I sit until my skin grows cold, my back aching from being pressed into the unforgiving wall. My damp hair leaves a wet streak on the paint when I stand, and I wipe it away with my towel. I throw on clean shorts and a T-shirt and pile my wet hair on top of my head. I’m not sure what we have to eat, but I figure it’s probably my turn to make dinner. From the kitchen I can still hear hammering, the muffled sound of Bishop’s and Dylan’s voices through the open back door.
As I lean in to the icebox to peruse my options, there is a crash from outside, followed by a scream. The sound is piercing, the kind of scream that means pain and blood and torn flesh. I leave the icebox door swinging and run out through the screened porch, pushing the screen door open with both palms as I pound down the steps.
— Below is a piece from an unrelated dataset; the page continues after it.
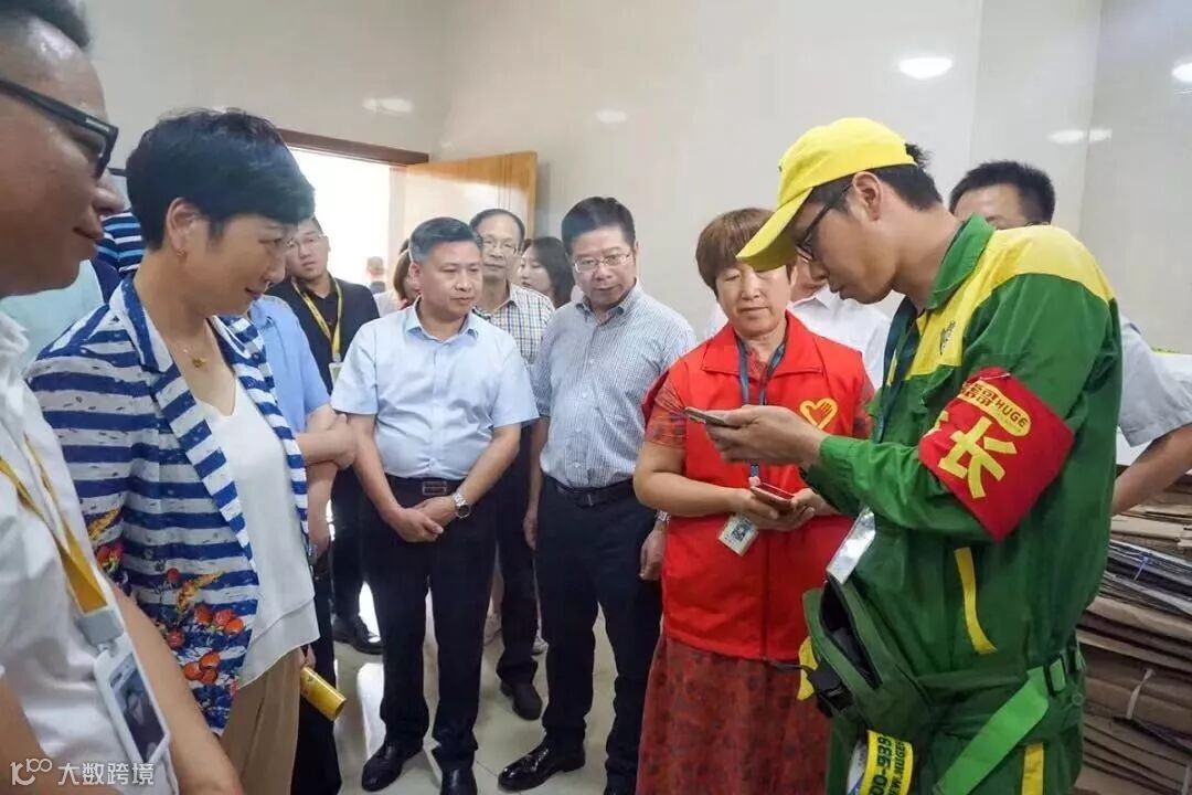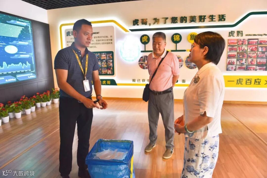 在“虎哥”大数据平台,领导团一行对大数据平台的智能化管理系统颇有兴趣,胡总介绍了大数据平台建成相关的数据情况以及技术人员情况。随后,考察团一行调研了“虎哥”分拣中心,并对分拣中心的精细化分拣以及后端的资源再利用和无害化处理表示肯定。

Dylan is on the ground in his backyard, upper body on the grass, his legs lying twisted on the concrete patio. He is not moving. I glance up at Bishop, who is standing on the edge of the roof, looking down at Dylan. The sun is behind him, and I cannot see the expression on his face, but something in his stance stops my forward movement. I stand at the fence, not sure what’s happening, and watch as Bishop swings himself onto the ladder, moves down to the ground in seconds. Dylan has blood on his face and one of his legs is bent in a way nature never intended, a flash of white bone peeking through a rip in his pants.
“I need to get help,” I call to Bishop. Meredith is nowhere in sight.
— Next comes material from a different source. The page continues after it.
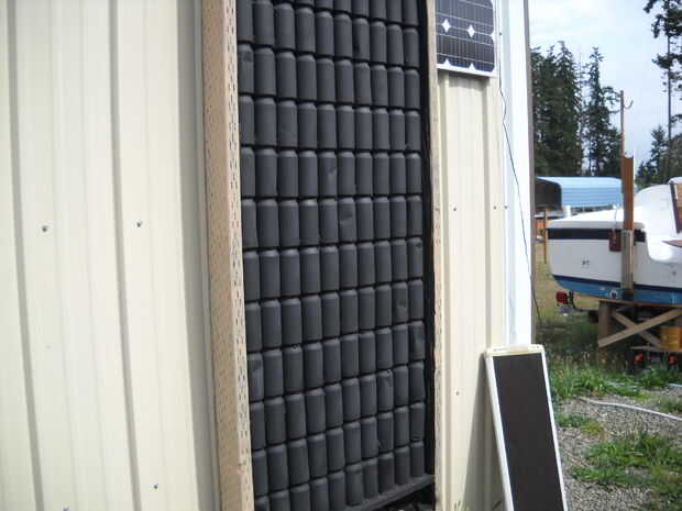Este instructable es un calentador solar puede pop que hice hace unos años. No tomar ningún crédito para el diseño, he encontrado un montón de instructables y videos en línea sobre cómo hacerlo. Éste está hecho de 144 latas de pop, una puerta corrediza de vidrio, una madera contrachapada y caja 2 x 4 aislados con aislamiento de 1/2 pulgadas, un panel solar de 15 vatios, un ventilador de ordenador de 12 voltios y un interruptor de resorte que hace clic en a 100 grados.

“Wait,” Bishop says, eyes on Dylan, who is beginning to stir on the ground. Bishop sounds as calm as I’ve ever heard him. Too calm for the situation, and my blood turns to ice in my veins.
Dylan lifts his head and pushes himself up on one bloody elbow. He’s groaning, his free hand hovering over his shattered leg. Bishop takes a step toward him, and Dylan looks up, then tries to scoot backward on his elbows, making frantic mewing sounds in his throat. Bishop ignores him, squats down near his head, and puts a hand on Dylan’s chest to keep him in place. I can’t hear what Bishop says, only the low murmur of his voice, but Dylan’s eyes go wide. He shakes his head and Bishop’s hand pushes harder against his chest. There’s a breathless moment where no one speaks, even the birds in the trees go silent, and then Dylan nods.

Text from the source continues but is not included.